◆ Task description ◆
Please, could you print all the lines below exactly, leaving out the pictures?

◆ Supplied data ◆
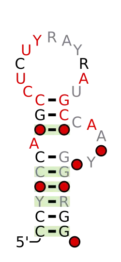 - ↑ Weinberg Z, Lünse CE, Corbino KA, Ames TD, Nelson JW, Roth A, Perkins KR, Sherlock ME, Breaker RR (October 2017). "Detection of 224 candidate structured RNAs by comparative analysis of specific subsets of intergenic regions". Nucleic Acids Res. 45 (18): 10811–10823. doi:10.1093/nar/gkx699. PMC 5737381. PMID 28977401.
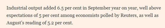 英国《金融时报》的文章分析说,9月规模以上工业增加值同比增长6.5%,显著高于路透社调查经济学家预期的5%及8月的5.2%。荷兰国际集团(ING)经济学家分析称,超预期表现主要源于外需拉动。文章说,上周,海关数据显示,中国出口保持韧性,9月同比增长8.3%,对东南亚等地区出口持续增长。
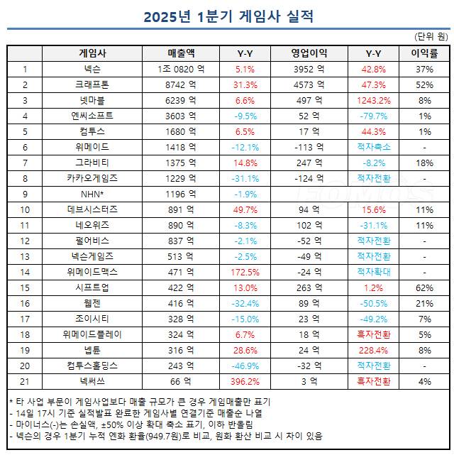 분위기를 반전시킬 신작 준비에 매진 중인 대부분의 게임사는 부진한 성적표를 받았다. 20개사 중 6개사가 적자를 기록했고, 3개사는 영업이익이 반토막 났다. 주요 게임사의 1분기 실적을 살펴보고, 2분기 실적도 엿봤다.

◆ Answer box ◆
 - ↑ Weinberg Z, Lünse CE, Corbino KA, Ames TD, Nelson JW, Roth A, Perkins KR, Sherlock ME, Breaker RR (October 2017). "Detection of 224 candidate structured RNAs by comparative analysis of specific subsets of intergenic regions". Nucleic Acids Res. 45 (18): 10811–10823. doi:10.1093/nar/gkx699. PMC 5737381. PMID 28977401.
 英国《金融时报》的文章分析说,9月规模以上工业增加值同比增长6.5%,显著高于路透社调查经济学家预期的5%及8月的5.2%。荷兰国际集团(ING)经济学家分析称,超预期表现主要源于外需拉动。文章说,上周,海关数据显示,中国出口保持韧性,9月同比增长8.3%,对东南亚等地区出口持续增长。
 분위기를 반전시킬 신작 준비에 매진 중인 대부분의 게임사는 부진한 성적표를 받았다. 20개사 중 6개사가 적자를 기록했고, 3개사는 영업이익이 반토막 났다. 주요 게임사의 1분기 실적을 살펴보고, 2분기 실적도 엿봤다.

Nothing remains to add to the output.